Every line from the first one in the data below through the line holding "傾けてもピタッとキープ!ノン" is to be written out exactly, with the pictures omitted.

**COLLECTED DATA:**

=== Section Start ===

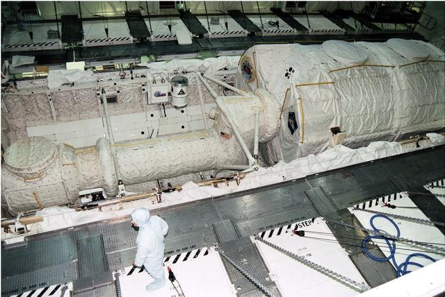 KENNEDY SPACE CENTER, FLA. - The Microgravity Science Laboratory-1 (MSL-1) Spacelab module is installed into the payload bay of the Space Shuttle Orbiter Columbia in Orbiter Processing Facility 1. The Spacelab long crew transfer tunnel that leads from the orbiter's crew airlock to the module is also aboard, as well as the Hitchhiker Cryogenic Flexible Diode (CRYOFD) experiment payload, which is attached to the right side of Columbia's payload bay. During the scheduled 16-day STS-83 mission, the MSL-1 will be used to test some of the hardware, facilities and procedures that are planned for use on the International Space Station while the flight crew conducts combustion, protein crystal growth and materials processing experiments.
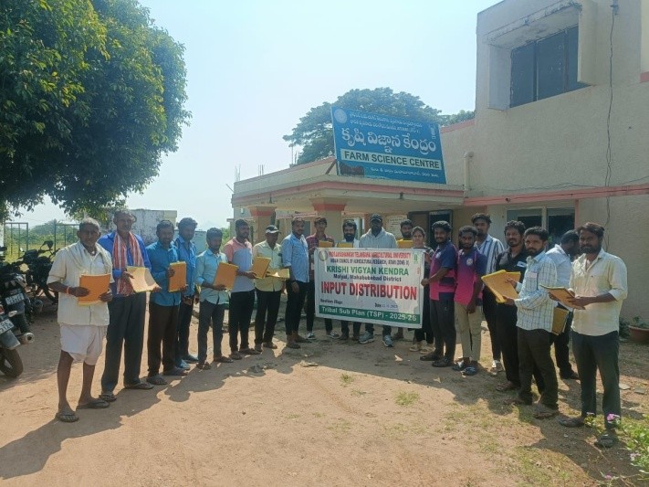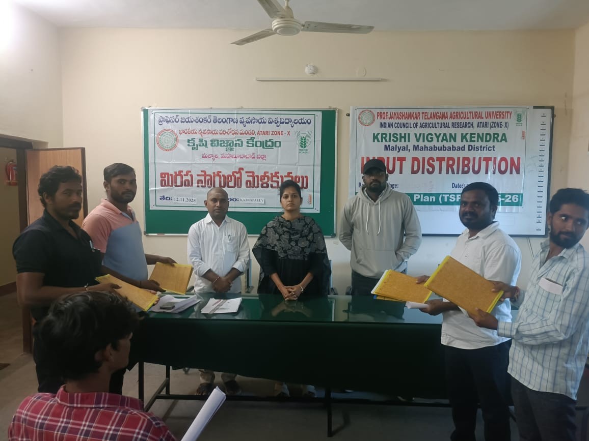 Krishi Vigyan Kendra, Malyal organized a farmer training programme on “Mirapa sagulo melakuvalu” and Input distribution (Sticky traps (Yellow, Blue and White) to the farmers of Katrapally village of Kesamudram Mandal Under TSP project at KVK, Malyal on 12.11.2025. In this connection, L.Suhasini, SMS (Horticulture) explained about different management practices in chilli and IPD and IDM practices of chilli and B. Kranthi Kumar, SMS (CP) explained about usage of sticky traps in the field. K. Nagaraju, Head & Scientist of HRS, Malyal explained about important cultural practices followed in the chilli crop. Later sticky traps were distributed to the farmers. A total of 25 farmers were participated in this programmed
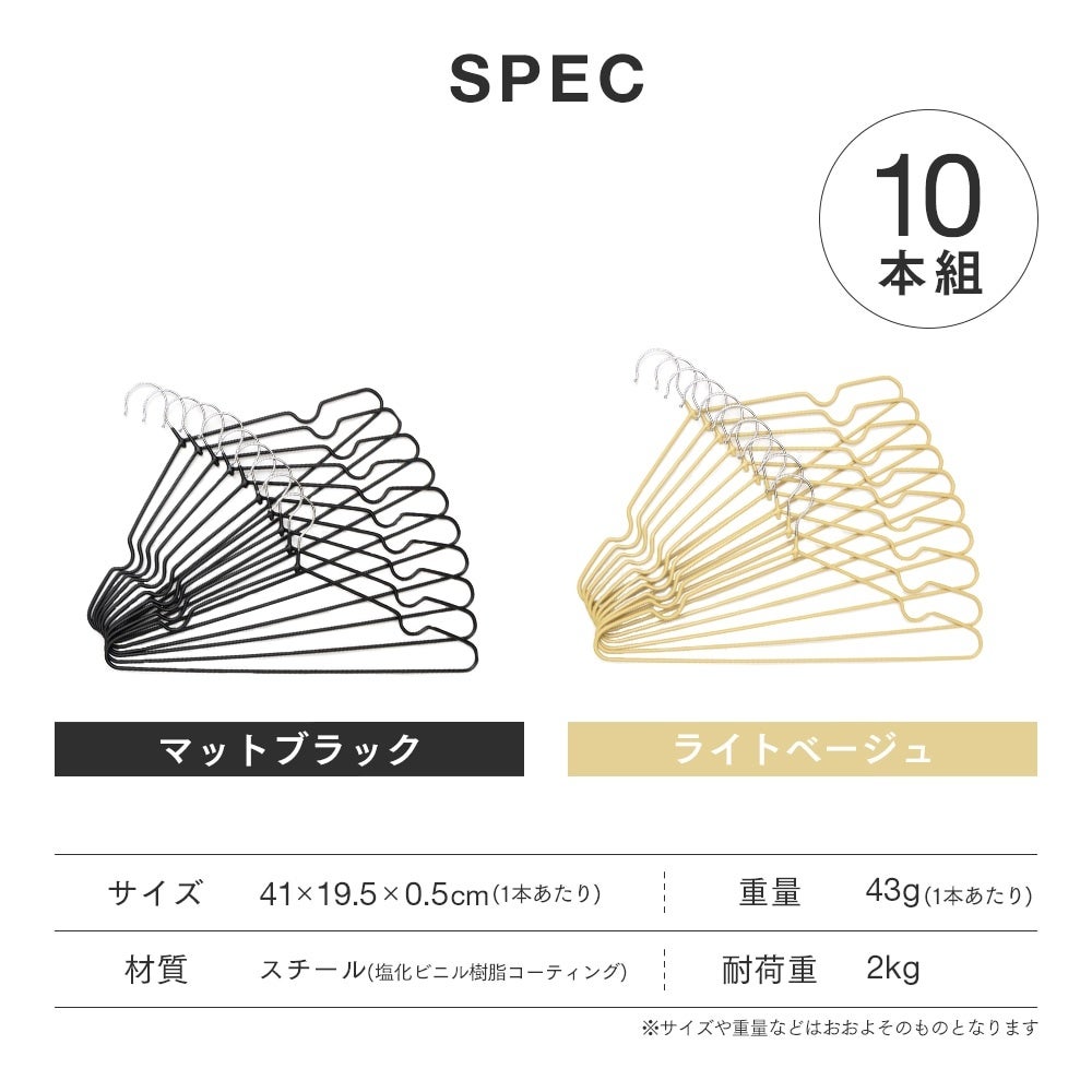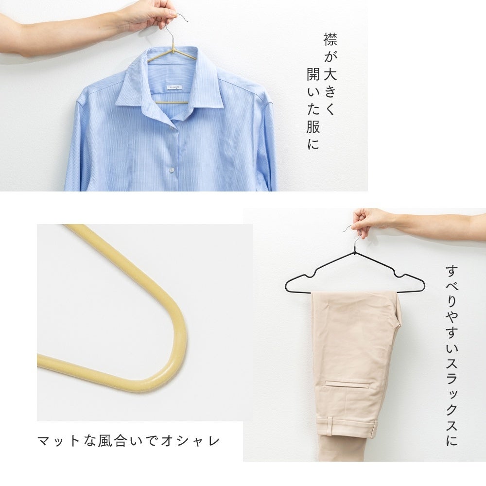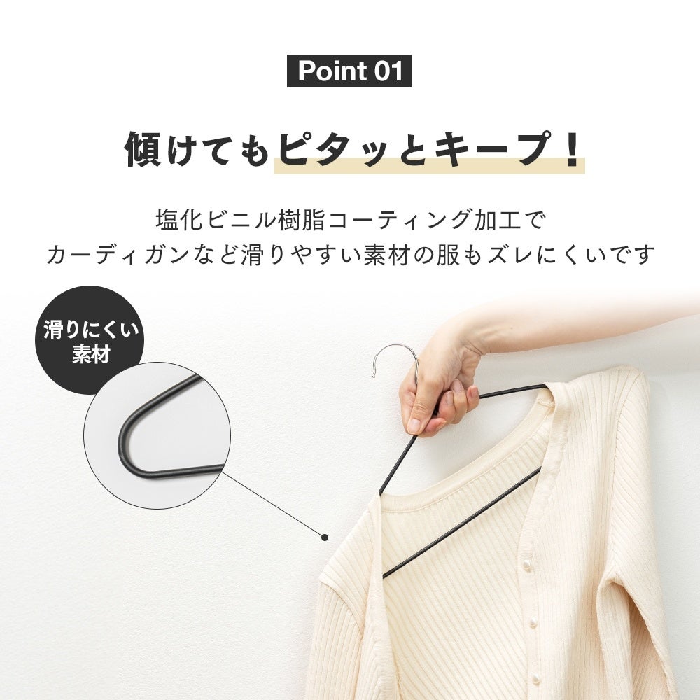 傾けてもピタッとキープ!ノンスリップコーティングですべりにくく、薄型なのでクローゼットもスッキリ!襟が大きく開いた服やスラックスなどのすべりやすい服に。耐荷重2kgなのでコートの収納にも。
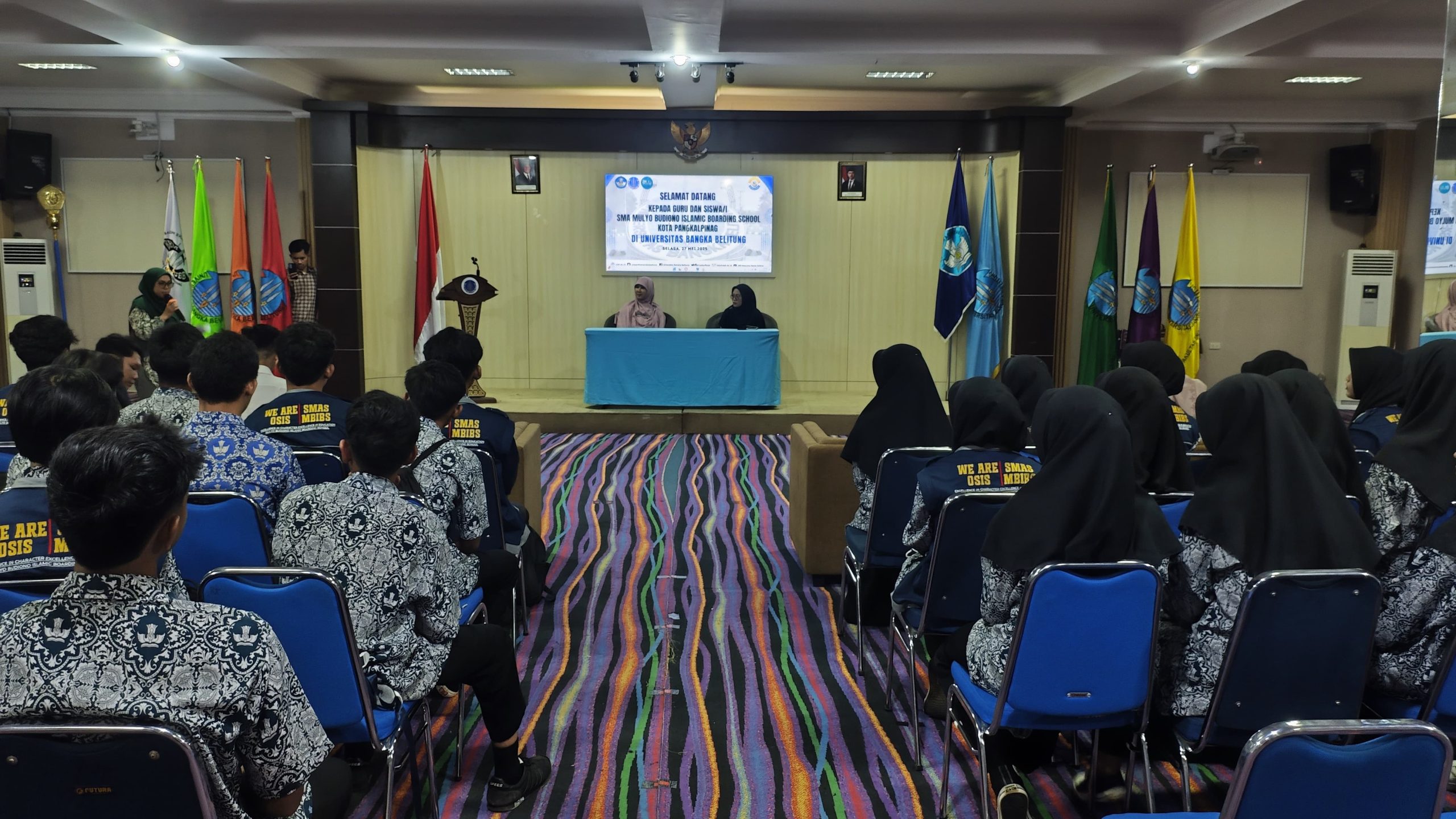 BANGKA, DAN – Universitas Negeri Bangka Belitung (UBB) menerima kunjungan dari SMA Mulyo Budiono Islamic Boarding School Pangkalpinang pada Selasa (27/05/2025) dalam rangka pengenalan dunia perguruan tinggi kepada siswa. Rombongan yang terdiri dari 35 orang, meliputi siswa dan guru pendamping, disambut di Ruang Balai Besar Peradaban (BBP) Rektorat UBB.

=== Section End ===

**ANSWER AREA:**
 KENNEDY SPACE CENTER, FLA. - The Microgravity Science Laboratory-1 (MSL-1) Spacelab module is installed into the payload bay of the Space Shuttle Orbiter Columbia in Orbiter Processing Facility 1. The Spacelab long crew transfer tunnel that leads from the orbiter's crew airlock to the module is also aboard, as well as the Hitchhiker Cryogenic Flexible Diode (CRYOFD) experiment payload, which is attached to the right side of Columbia's payload bay. During the scheduled 16-day STS-83 mission, the MSL-1 will be used to test some of the hardware, facilities and procedures that are planned for use on the International Space Station while the flight crew conducts combustion, protein crystal growth and materials processing experiments.
 Krishi Vigyan Kendra, Malyal organized a farmer training programme on “Mirapa sagulo melakuvalu” and Input distribution (Sticky traps (Yellow, Blue and White) to the farmers of Katrapally village of Kesamudram Mandal Under TSP project at KVK, Malyal on 12.11.2025. In this connection, L.Suhasini, SMS (Horticulture) explained about different management practices in chilli and IPD and IDM practices of chilli and B. Kranthi Kumar, SMS (CP) explained about usage of sticky traps in the field. K. Nagaraju, Head & Scientist of HRS, Malyal explained about important cultural practices followed in the chilli crop. Later sticky traps were distributed to the farmers. A total of 25 farmers were participated in this programmed
 傾けてもピタッとキープ!ノンスリップコーティングですべりにくく、薄型なのでクローゼットもスッキリ!襟が大きく開いた服やスラックスなどのすべりやすい服に。耐荷重2kgなのでコートの収納にも。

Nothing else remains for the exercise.